By the way, don’t necessarily use our fuse ratings if you are building your own system. 500A is a very high fuse rating, but we have a very big battery. All the other ratings depend on the wires you use and the loads you expect to run. Do your own calculations. Blue Sea have a great online tool for this. It looks a bit daunting to start with, but once you start feeding numbers in, you’ll start to see what size cables and what size fuses you should use for each area of your system.
“Everything that is plugged in at the other end of the wires also needs to have its own fuse to protect the equipment.”
So, are you using inline fuses at the ‘other ends’? So everything has a breaker or fuse in the back AND a fuse near the appliance/light/pump?
Thanks!
Hi Matthew,
The breakers/fuses at the control panel are sized for the wires you use and for the maximum load that might be put on that circuit. Things that you plug in on that circuit might have a different current rating.

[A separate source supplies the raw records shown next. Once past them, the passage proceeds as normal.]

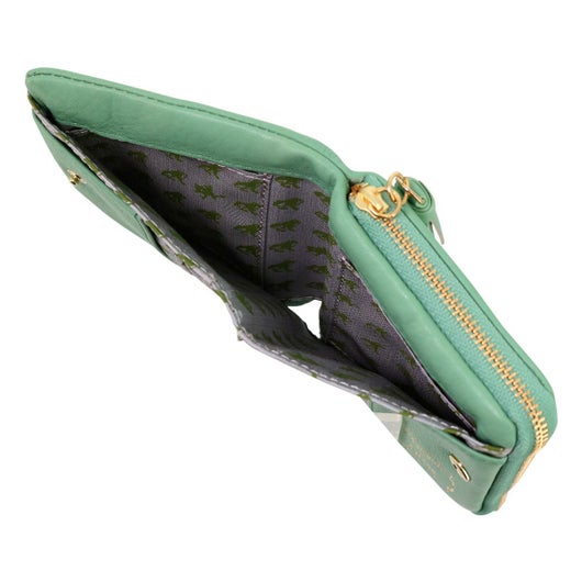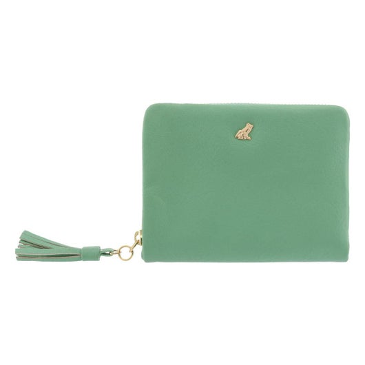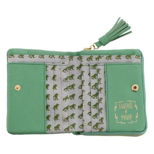 外側にラウンドファスナーの大きめな小銭入れがついた二つ折り財布です。革が柔らかいので、カードなどを入れるとちょうどよい張り感が出ます。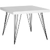 Casual and contemporary, the Wolcott Square Coffee Table appears to float on its dramatic black iron hairpin legs. Crafted of wood with a sleek white lacquer finish, this easy care table is always ready for cocktails and appetizers.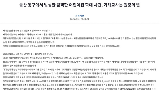 울산의 한 어린이집 교사의 아동 학대에 대해 피해 부모가 강력한 처벌을 요구하는 국민청원을 올렸다.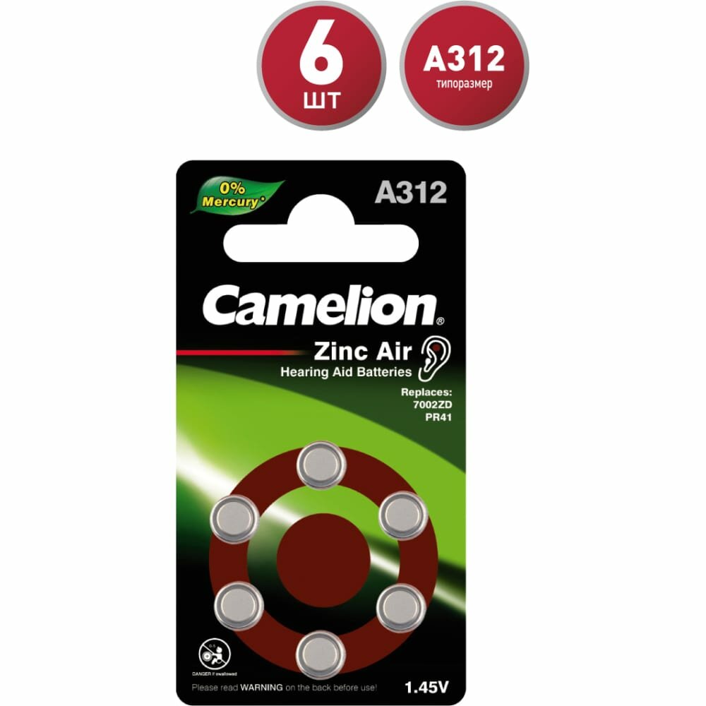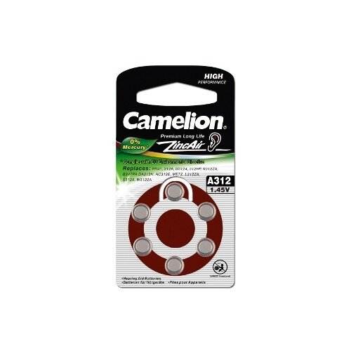 Camelion ZA312 BL-6 Mercury Free (A312-BP6(0%Hg), батарейка для слуховых аппаратов, 1.4 V,170mAh) (6 шт. в уп-ке)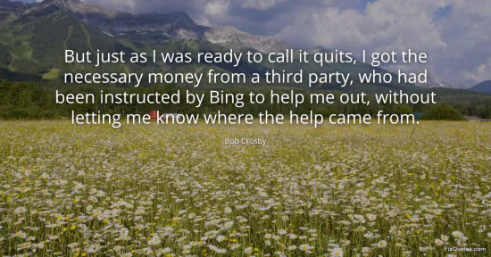 Crosby, Bob. (2026, January 16). But just as I was ready to call it quits, I got the necessary money from a third party, who had been instructed by Bing to help me out, without letting me know where the help came from. FixQuotes. https://fixquotes.com/quotes/but-just-as-i-was-ready-to-call-it-quits-i-got-85298/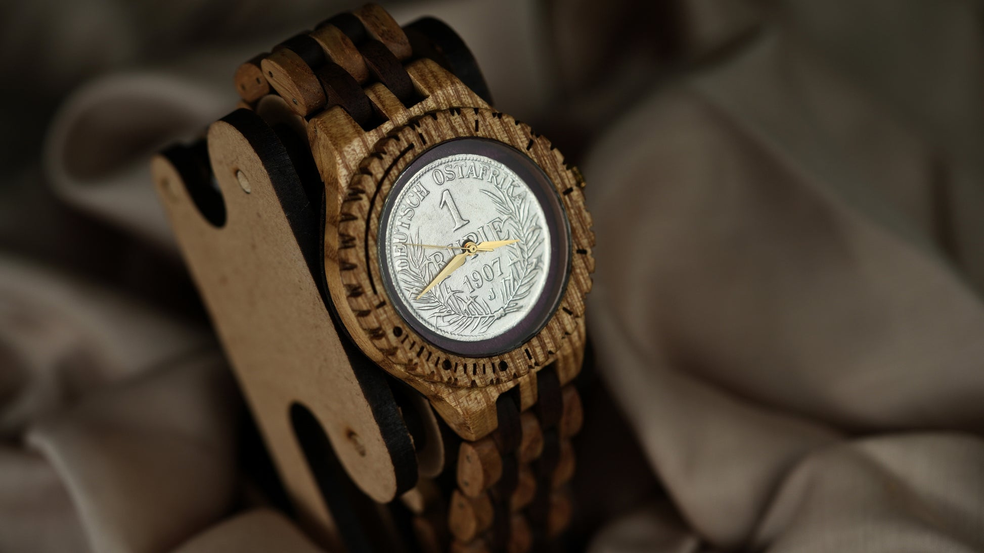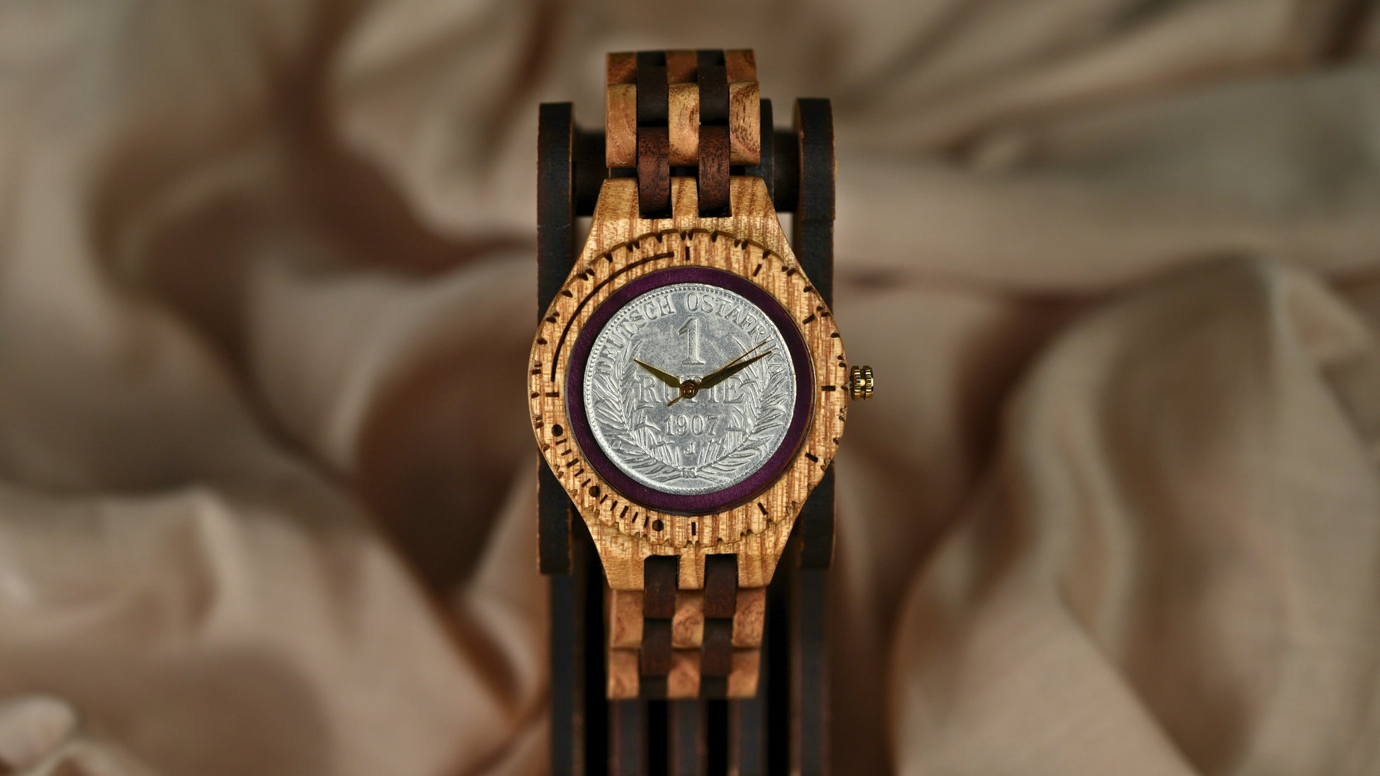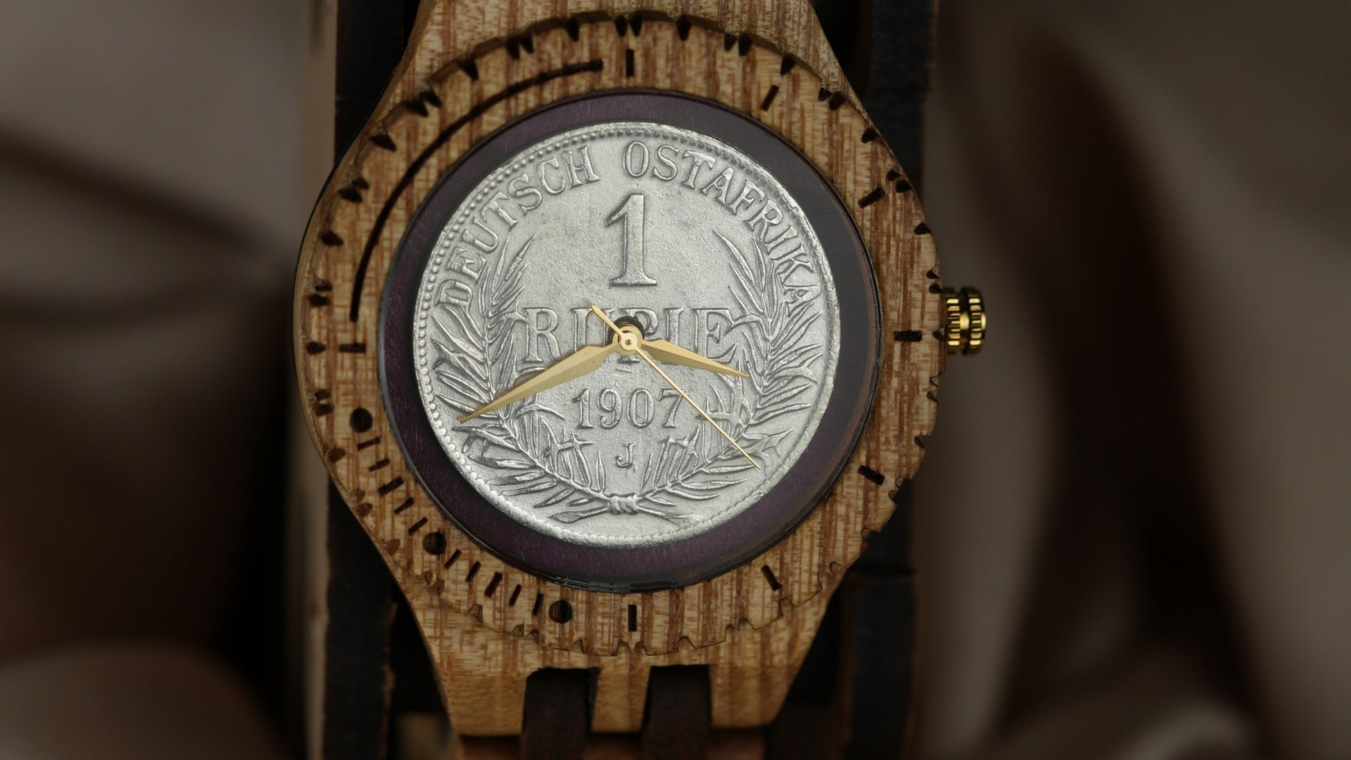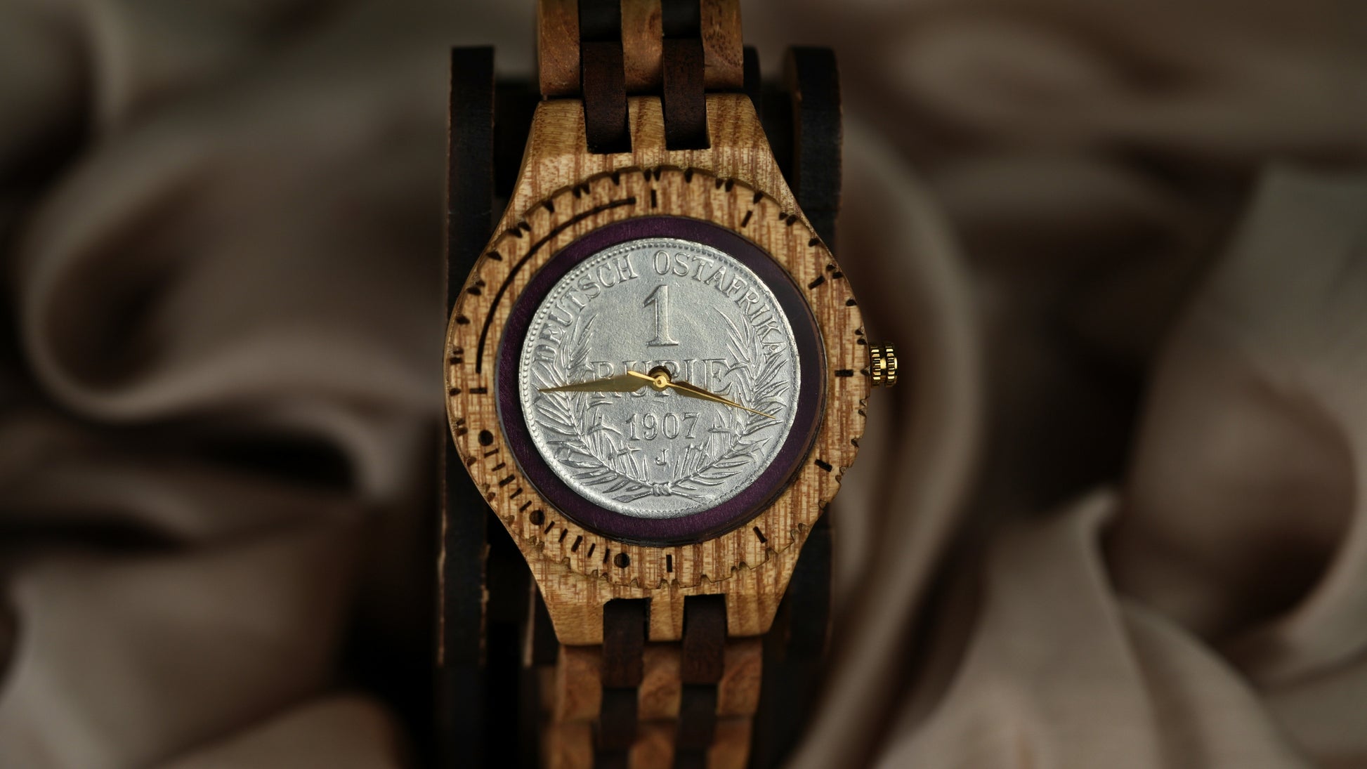 Own a piece of German colonial history with the 1907 German East Africa 1 Rupie coin, now integrated into an Anka handcrafted wooden watch. Minted under Kaiser Wilhelm II, this coin reflects the economic and administrative presence of Germany in East Africa prior to World War I.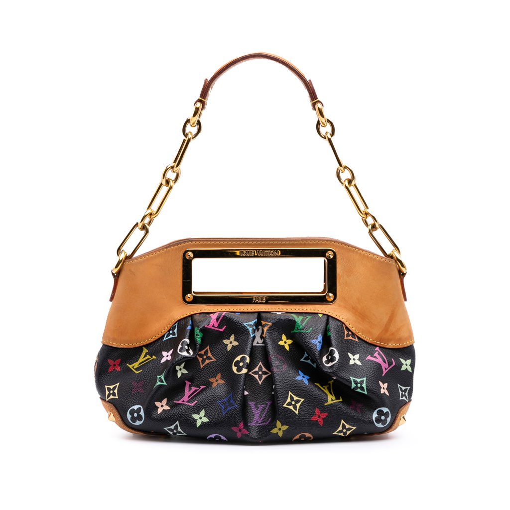 The Judy PM features a monogram multicolore canvas body with vachetta leather trim, cut-out handles, a chain link strap, an open top with magnetic snap button closure, and interior flap and slip pockets.
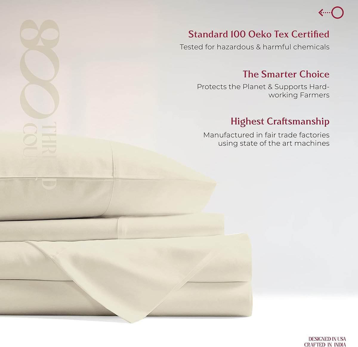 4. Procesos ecológicos y certificados OEKO-TEX: Nuestra sábana ajustable de cama de alta calidad y mejor valorada está certificada por OEKO-TEX, lo que significa que tu ropa de cama está libre de sustancias nocivas y es ideal para niños y adultos con piel sensible. Desde la obtención hasta la fabricación, seguimos estrictos procesos ecológicos, lo que hace que nuestra sábana ajustable de algodón sea una mejor alternativa a la microfibra y otras sábanas ajustables.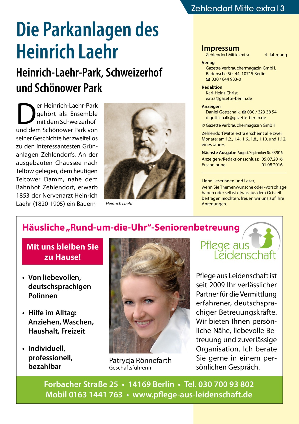 Verlag Gazette Verbrauchermagazin GmbH, Badensche Str. 44, 10715 Berlin ☎ 030 / 844 933-0 Redaktion Karl-Heinz Christ extra@gazette-berlin.de Anzeigen Daniel Gottschalk, ☎ 030 / 323 38 54 d.gottschalk@gazette-berlin.de © Gazette Verbrauchermagazin GmbH Zehlendorf Mitte extra erscheint alle zwei Monate: am 1.2., 1.4., 1.6., 1.8., 1.10. und 1.12. eines Jahres. Nächste Ausgabe August/September Nr. 4/2016 Anzeigen-/Redaktionsschluss: 05.07.2016 Erscheinung: 01.08.2016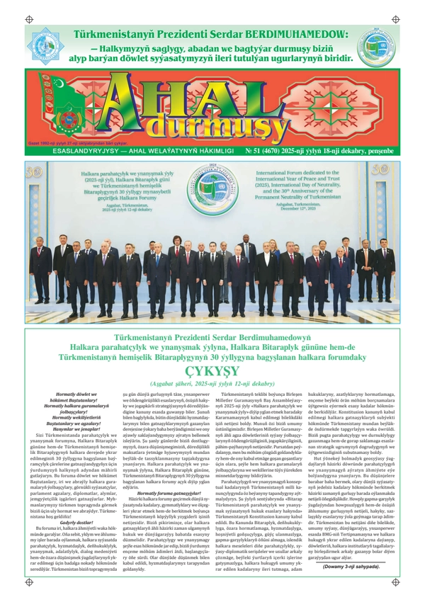 2025-NJI ÝYL - «HALKARA PARAHATÇYLYK WE YNANYŞMAK ÝYLY»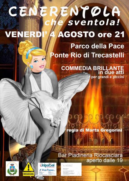 Venerdì 4 agosto alle ore 21 al Parco della Pace a Ponte Rio di Trecastelli ritorna il teatro all'aperto con una spassosissima commedia dialettale dal titolo "Cenerentola che sventola" per la regia di Marta Gregorini.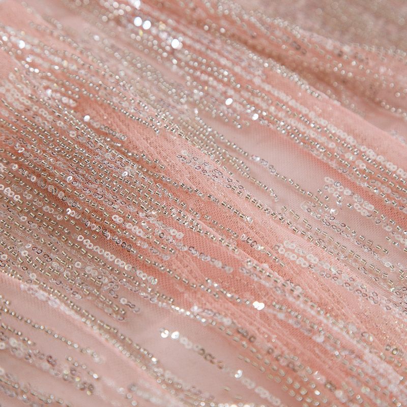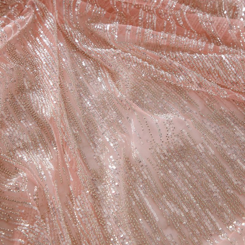 Мягкая сетка, густо расшитая пайетками и стеклярусом в тон полотна. Узор напоминает северное сияние, расположен по ширине полотна. Подходит для пошива нарядной одежды, платья, юбки, комбинезона. Требуется подклад, материал набирается объемом.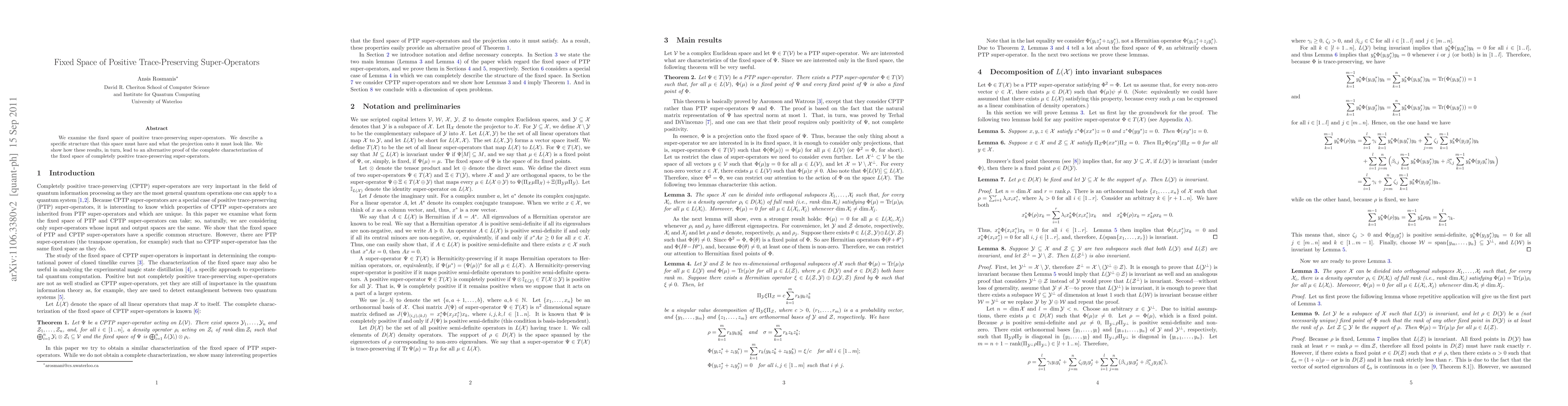 The paper presents a detailed analysis of the fixed space of positive trace-preserving super-operators, providing a lemma that characterizes this space and an alternative proof for completely positive trace-preserving super-operators.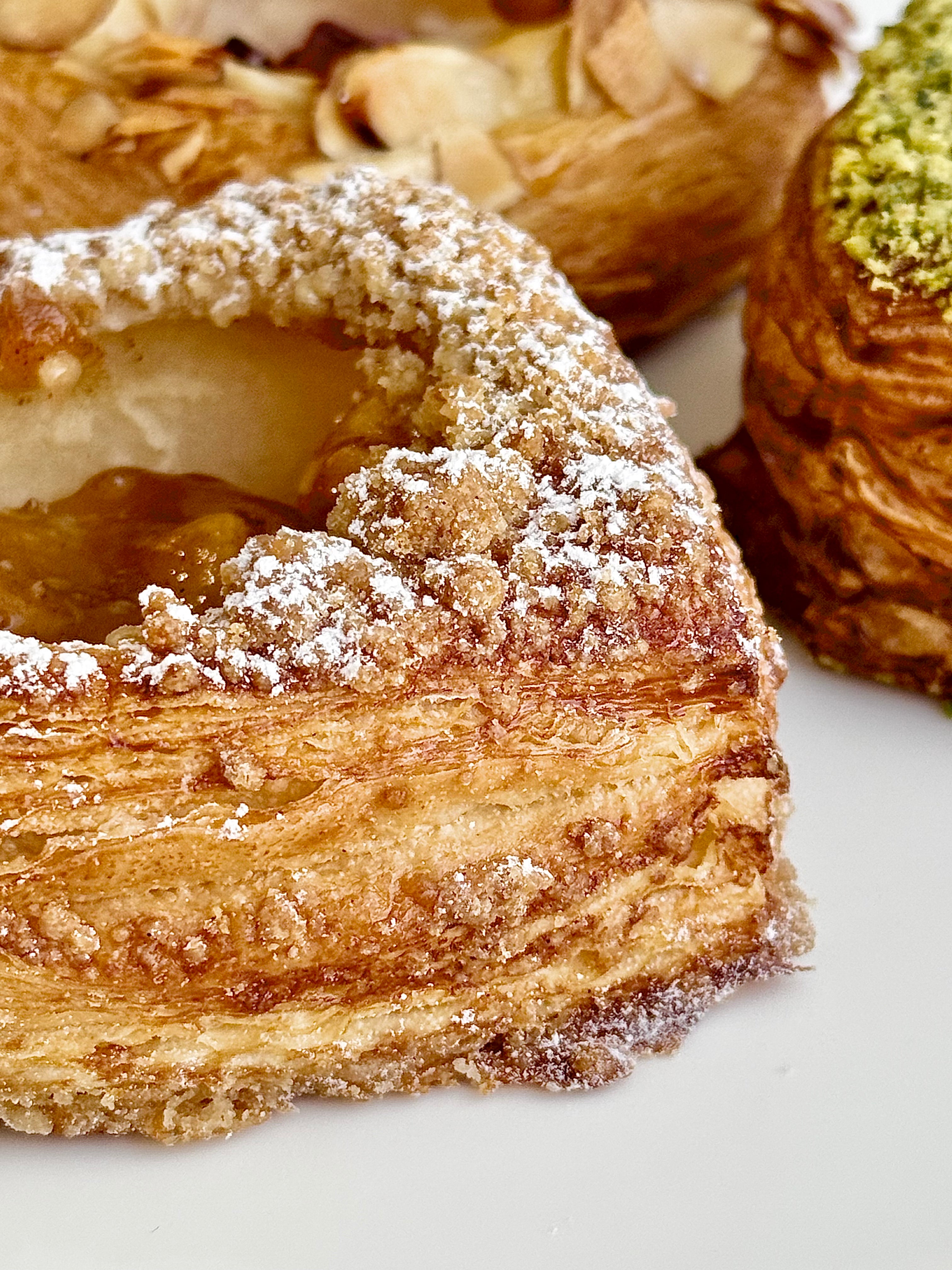 - Crème pâtissèrie topped with rhubarb & raspberry compote, and finished with flaked almonds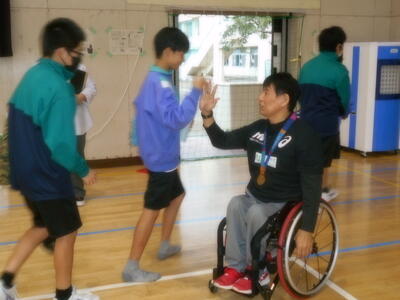 この事業は、パラスポーツを通じて、共生社会への気づきや学びを提供していただくパラスポーツ体験型出前授業です。今年も、陸上競技の永尾 嘉章(ながお よしふみ)さんに来ていただきました。永尾さんは、2004年のアテネパラリンピックで日本選手団の主将を務めるとともに、4×400mで銅メダルを獲得しました。

For instance, we’ve got 15 Amp breakers on our 12v outlet circuits. That’s going via 10 gauge wire to a couple of cigarette lighter sockets mounted to the walls. If I plugged in a cell phone charger, that might have a 2 Amp maximum rating. If it short circuited, the 2 Amp fuse would protect things. If I relied on the breaker, it might not actually trip before the short circuit heated up the wires or internal components in the charger enough to start a fire.
In that case, the fuse is built in to the cell phone charger. When that isn’t the case, we’ve added suitably sized fuses for the permanently attached items in the build. For instance the Victron Color Controller is attached to one of the 12v outlet circuits. That’s a 15 Amp circuit but the controller wants no more than perhaps 2 Amps (I forget the actual value) so we put a fuse in line for the controller.
On the other hand, we have a dedicated circuit for our water pump. We put an appropriately sized breaker on that circuit. That means we don’t need a second fuse at the pump end of things. Same thing with the lights – the circuit that they are on has a smaller breaker so we don’t have to put a fuse in-line for every light fixture.
It’s a trade-off. Either you run more cables and have more breakers/fuses at the control panel, or you run less wires but add fuses at each appliance. We chose to put as many breakers as possible in a place where they are easily accessible (at the control panel) rather than spread throughout the van.
Hey, are those flat bar connections (right where the (3) is, and between the (10) and (4) ) did you make those or did you order them?
I’m interested in mimicking them in my set up as it looks like it helps with cable management and allows to make things in much closer quarters and wondering how I could emulate those.
Thanks!
Nik
Nvm, found your comment here, buying some copper bar stock now, as always, thanks for the crazy detailed write ups! http://sprintervanusa.com/2016/09/16/12-volt-electrical-systems-for-vans-the-basics/
You’re welcome! Glad you found the answer. This site is becoming harder to navigate now there’s so much content. Might have to do some rearranging or at least start integrating the answers to questions from the comments into the original articles.
Hey Dieselfumes,
Thanks for getting back to me I really appreciate it. I found someone to help out with building my electrical system in my van Im looking forward to learning more about how it all works.How did you figure you need a 500 amp ANL fuse to protect your batterie bank is that based on the size of you batterie bank? I am installing a 300 amp hour GBS batterie bank. Thanks again for all your knowledge and help.
Hi Taylus,
The 500A fuse is calculated based on the maximum current that the battery should ever be asked to produce. If something in our system was pulling more current than that, it’s most likely because of a problem like a short circuit. So that 500A fuse protects the battery from being charged or discharged too quickly.